Below are some records. Retype exactly the lines from the one containing "8月1日,兩頭麋鹿在湖北石首" through the one containing "尽管撒哈拉以南非洲城市的可再", both included, skipping every picture.

* _DATA SHOWN_:
BEGIN

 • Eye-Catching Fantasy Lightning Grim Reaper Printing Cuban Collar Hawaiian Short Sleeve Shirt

END
BEGIN

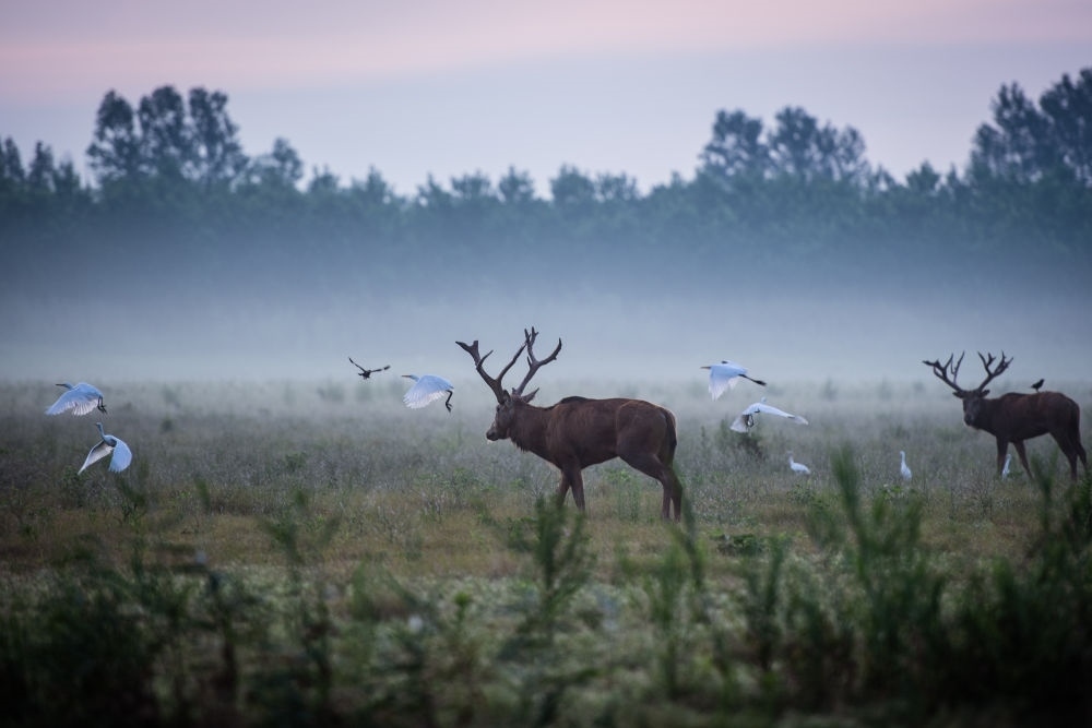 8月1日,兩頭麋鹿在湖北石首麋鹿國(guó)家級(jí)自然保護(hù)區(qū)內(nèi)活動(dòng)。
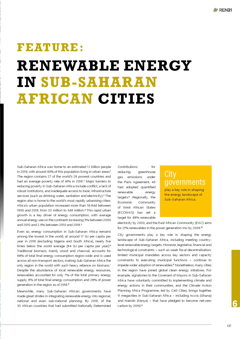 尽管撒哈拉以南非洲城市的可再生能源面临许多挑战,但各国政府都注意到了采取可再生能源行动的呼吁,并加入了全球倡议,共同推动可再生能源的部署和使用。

END

* _FINISHED TASK_:
 8月1日,兩頭麋鹿在湖北石首麋鹿國(guó)家級(jí)自然保護(hù)區(qū)內(nèi)活動(dòng)。
 尽管撒哈拉以南非洲城市的可再生能源面临许多挑战,但各国政府都注意到了采取可再生能源行动的呼吁,并加入了全球倡议,共同推动可再生能源的部署和使用。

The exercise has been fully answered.